目前 OpenTelemetry 正式成为 CNCF 的孵化项目,OpenTracing 和 OpenCensus 不再维护, OpenTracing 目前是 CNCF 的存档项目。

OpenTelemetry 的一些基础知识是兼容 OpenTracing 的, 只有一些 API 是不同的。

OpenTelemetry for go

我们继续使用上文的代码, 对上文的代码进行修改。

install 依赖

go get go.opentelemetry.io/otel@v1.0.0-RC1 go.opentelemetry.io/otel/sdk@v1.0.0-RC1 go.opentelemetry.io/otel/exporters/stdout/stdouttrace@v1.0.0-RC1 go.opentelemetry.io/otel/trace@v1.0.0-RC1
go get -u go.opentelemetry.io/otel/exporters/jaeger

OpenTelemetry 官方为多种开源框架提供了开箱即用的 Instrumentation Packages ,如 gin , beego , mux , go-kit 等,当然也支持 net/http 标准库 ,更多可浏览opentelemetry-go-contrib 仓库。

我们使用的是 gin, 所以安装相应的依赖 :

go get go.opentelemetry.io/contrib/instrumentation/github.com/gin-gonic/gin/otelgin

对原有代码进行修改, 修改后的代码:

package main

import (
	"context"
	"log"
	"math/rand"
	"net/http"
	"time"

	"github.com/gin-gonic/gin"

	"go.opentelemetry.io/contrib/instrumentation/github.com/gin-gonic/gin/otelgin"
	"go.opentelemetry.io/otel"
	"go.opentelemetry.io/otel/attribute"
	"go.opentelemetry.io/otel/exporters/jaeger"
	"go.opentelemetry.io/otel/propagation"
	"go.opentelemetry.io/otel/sdk/resource"
	tracesdk "go.opentelemetry.io/otel/sdk/trace"
	semconv "go.opentelemetry.io/otel/semconv/v1.4.0"
	"go.opentelemetry.io/otel/trace"
)

var (
	addr = ":8080"
)

// tracerProvider returns an OpenTelemetry TracerProvider configured to use
// the Jaeger exporter that will send spans to the provided url.

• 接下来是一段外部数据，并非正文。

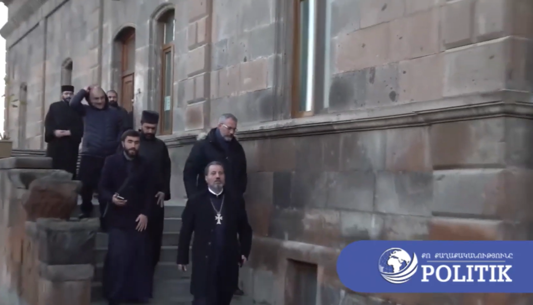 Կարգալույծ հռչակված քահանաները, որոնք հավաքվել էին Էջմիածնի Սուրբ Գայանե եկեղեցու հարակից տարածքում, այժմ ոստիկանների ուղեկցությամբ այդտեղից դուրս են եկել և շարժվում են դեպի Մայր աթոռ։

The returned
// TracerProvider will also use a Resource configured with all the information
// about the application.
func tracerProvider(url string) (*tracesdk.TracerProvider, error) {
	// Create the Jaeger exporter
	exp, err := jaeger.New(jaeger.WithCollectorEndpoint(jaeger.WithEndpoint(url)))
	if err != nil {
		return nil, err
	}
	tp := tracesdk.NewTracerProvider(
		tracesdk.WithSampler(tracesdk.AlwaysSample()),
		tracesdk.WithBatcher(exp),
		tracesdk.WithResource(resource.NewWithAttributes(
			semconv.SchemaURL,
			semconv.ServiceNameKey.String("opentelemetry-overstarry"), // 服务名
			semconv.ServiceVersionKey.String("0.0.1"),
			attribute.String("environment", "test"),
		)),
	)
	otel.SetTracerProvider(tp)
	otel.SetTextMapPropagator(propagation.NewCompositeTextMapPropagator(propagation.TraceContext{}, propagation.Baggage{}))
	return tp, nil
}

func main() {
	tp, err := tracerProvider("http://localhost:14268/api/traces")
	if err != nil {
		log.Fatal(err)
	}
	ctx, cancel := context.WithCancel(context.Background())
	defer cancel()

	// Cleanly shutdown and flush telemetry when the application exits.
	defer func(ctx context.Context) {
		// Do not make the application hang when it is shutdown.
		ctx, cancel = context.WithTimeout(ctx, time.Second*5)
		defer cancel()
		if err := tp.Shutdown(ctx); err != nil {
			log.Fatal(err)
		}
	}(ctx)

	engine := gin.New()

	engine.Use(otelgin.Middleware("server"))
	engine.GET("/", indexHandler)
	engine.GET("/home", homeHandler)
	engine.GET("/async", serviceHandler)
	engine.GET("/service", serviceHandler)
	engine.GET("/db", dbHandler)
	err = engine.Run(addr)
	if err != nil {
		return
	}
}

func dbHandler(c *gin.Context) {
	ctx := c.Request.Context()
	span := trace.SpanFromContext(otel.GetTextMapPropagator().Extract(ctx, propagation.HeaderCarrier(c.Request.Header)))
	defer span.End()

	time.Sleep(time.Duration(rand.Intn(200)) * time.Millisecond)
}

func serviceHandler(c *gin.Context) {
	ctx := c.Request.Context()
	// 通过http header,提取span元数据信息
	span := trace.SpanFromContext(otel.GetTextMapPropagator().Extract(ctx, propagation.HeaderCarrier(c.Request.Header)))
	defer span.End()

	dbReq, _ := http.NewRequest("GET", "http://localhost:8080/db", nil)
	otel.GetTextMapPropagator().Inject(ctx, propagation.HeaderCarrier(dbReq.Header))
	if _, err := http.DefaultClient.Do(dbReq); err != nil {
		span.RecordError(err)
		attribute.String("请求 /db error", err.Error())
	}
	time.Sleep(time.Duration(rand.Intn(200)) * time.Millisecond)
}

func homeHandler(c *gin.Context) {
	c.Header("Content-Type", "text/html; charset=utf-8")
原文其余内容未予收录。